### STORED DATA
********************
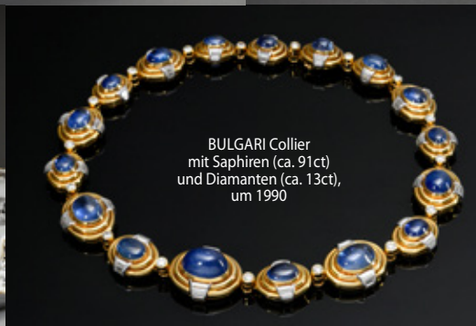
BULGARI Collier mit Saphiren (ca. 91ct) und Diamanten (ca. 13ct), um 1990
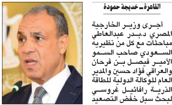
وزير الخارجية المصري د.جديعة حمودة

الفترة المقبلة في إطار دعم الجهود المشتركة لتحقيق التهدئة وتعزيز الاستقرار في المنطقة. من جهة أخرى، التقى وزير الخارجية المصري، بحضور م.خالد هاشم وزير الصناعة، رئيس جمهورية تارستان في روسيا الاتحادية رستم مينبخانوف، وذلك في إطار الزيارة الرسمية التي يجريها إلى مصر. وأشاد عبد العاطي بالرخم الذي تشهده العلاقات الاستراتيجية بين مصر وروسيا الاتحادية في جميع المجالات، بما في ذلك السياسية والدبلوماسية مشيداً بالطفرة التنموية التي تشهدها تارستان لاسيما في المجالات الصناعية والتكنولوجية والزراعية، مؤكداً الحرص على تعزيز العلاقات الاقتصادية مع
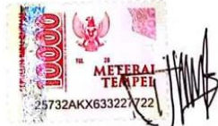
Nurul Izza Awalia Yusuf

Surabaya, 16 Januari 2023 Yang membuat pernyataan,
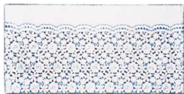
tarabesque - 50x25 cm
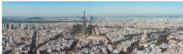
PARIS 11 janvier 2018
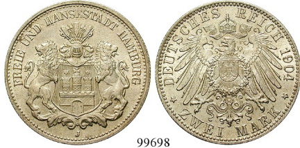
HAMBURG Best.-Nr. 99698 2 Mark 1904, J. J. 63. PCGS MS66. vz-st
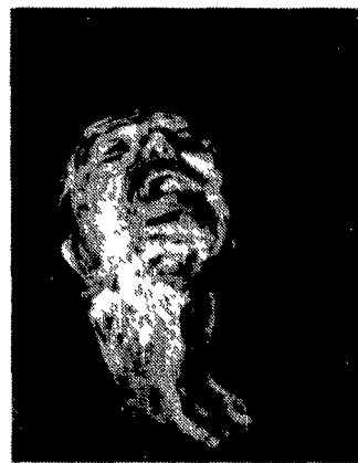
«Il Dolore» - 1987 (Vittorio Miele)
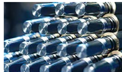
Drehteile aus Edelstahl
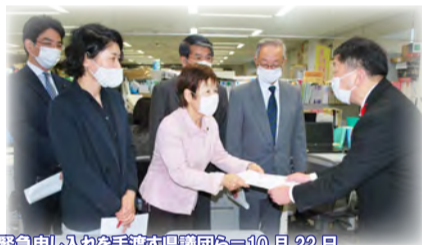
緊急申し入れを主導する県議団ら＝10月22日
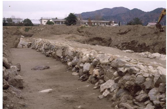
西の丸海側石垣跡
********************
### EXERCISE OBJECTIVE
A single figure is the whole answer: the number of lines in the material above where the string "الخارجية" occurs.

### EXERCISE RESPONSE
2